INSTRUCTIONS FOR THE TASK »
Excluding any images, copy all of the lines below precisely as written.

DATA SECTION »
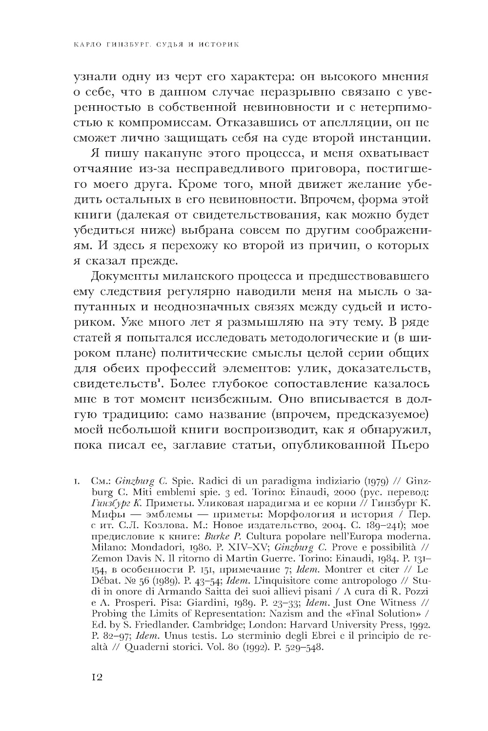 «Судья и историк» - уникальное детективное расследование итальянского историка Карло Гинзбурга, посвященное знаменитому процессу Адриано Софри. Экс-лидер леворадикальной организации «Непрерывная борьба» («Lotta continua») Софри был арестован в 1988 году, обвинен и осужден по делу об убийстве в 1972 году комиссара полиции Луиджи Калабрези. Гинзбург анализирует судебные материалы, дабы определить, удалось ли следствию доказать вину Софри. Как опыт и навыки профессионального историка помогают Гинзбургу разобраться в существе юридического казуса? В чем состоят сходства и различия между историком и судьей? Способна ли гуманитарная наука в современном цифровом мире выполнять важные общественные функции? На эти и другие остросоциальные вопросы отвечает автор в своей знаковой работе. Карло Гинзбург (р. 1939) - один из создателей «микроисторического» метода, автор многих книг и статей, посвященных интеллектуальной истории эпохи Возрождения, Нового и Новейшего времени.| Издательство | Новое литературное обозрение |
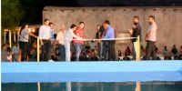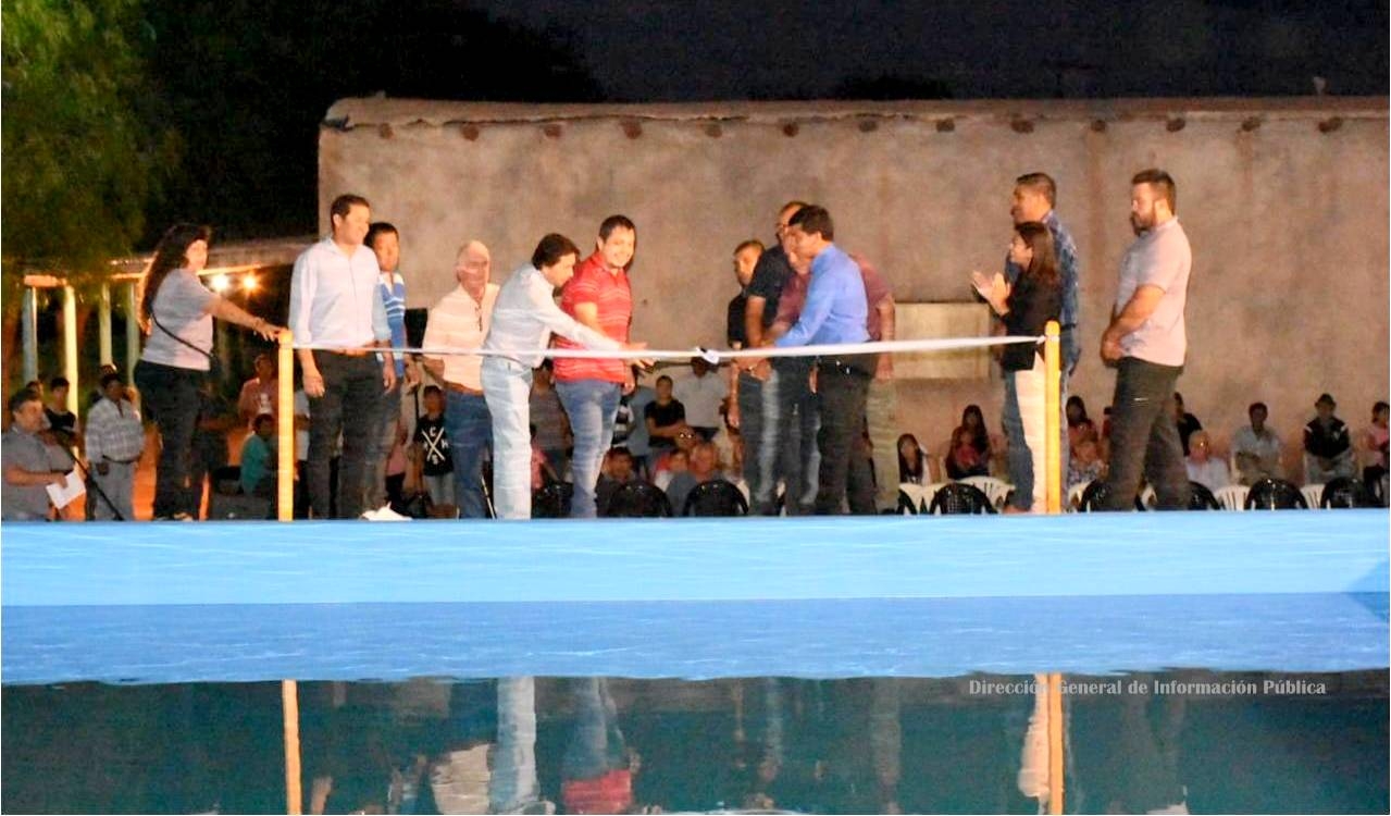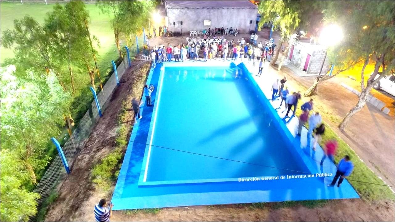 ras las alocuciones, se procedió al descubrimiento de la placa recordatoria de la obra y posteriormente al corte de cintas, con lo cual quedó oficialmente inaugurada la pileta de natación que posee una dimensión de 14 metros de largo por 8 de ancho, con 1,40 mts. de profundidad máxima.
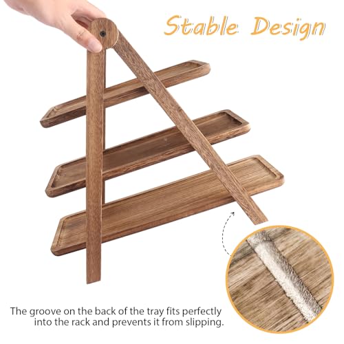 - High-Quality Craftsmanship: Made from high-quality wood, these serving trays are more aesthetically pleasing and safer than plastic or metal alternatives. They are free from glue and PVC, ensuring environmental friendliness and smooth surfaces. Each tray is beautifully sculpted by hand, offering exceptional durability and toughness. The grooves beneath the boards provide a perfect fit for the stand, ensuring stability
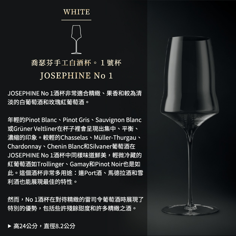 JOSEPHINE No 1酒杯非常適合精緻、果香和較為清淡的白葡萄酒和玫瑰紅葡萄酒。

TASK SOLUTION »
 «Судья и историк» - уникальное детективное расследование итальянского историка Карло Гинзбурга, посвященное знаменитому процессу Адриано Софри. Экс-лидер леворадикальной организации «Непрерывная борьба» («Lotta continua») Софри был арестован в 1988 году, обвинен и осужден по делу об убийстве в 1972 году комиссара полиции Луиджи Калабрези. Гинзбург анализирует судебные материалы, дабы определить, удалось ли следствию доказать вину Софри. Как опыт и навыки профессионального историка помогают Гинзбургу разобраться в существе юридического казуса? В чем состоят сходства и различия между историком и судьей? Способна ли гуманитарная наука в современном цифровом мире выполнять важные общественные функции? На эти и другие остросоциальные вопросы отвечает автор в своей знаковой работе. Карло Гинзбург (р. 1939) - один из создателей «микроисторического» метода, автор многих книг и статей, посвященных интеллектуальной истории эпохи Возрождения, Нового и Новейшего времени.| Издательство | Новое литературное обозрение |
 ras las alocuciones, se procedió al descubrimiento de la placa recordatoria de la obra y posteriormente al corte de cintas, con lo cual quedó oficialmente inaugurada la pileta de natación que posee una dimensión de 14 metros de largo por 8 de ancho, con 1,40 mts. de profundidad máxima.
 - High-Quality Craftsmanship: Made from high-quality wood, these serving trays are more aesthetically pleasing and safer than plastic or metal alternatives. They are free from glue and PVC, ensuring environmental friendliness and smooth surfaces. Each tray is beautifully sculpted by hand, offering exceptional durability and toughness. The grooves beneath the boards provide a perfect fit for the stand, ensuring stability
 JOSEPHINE No 1酒杯非常適合精緻、果香和較為清淡的白葡萄酒和玫瑰紅葡萄酒。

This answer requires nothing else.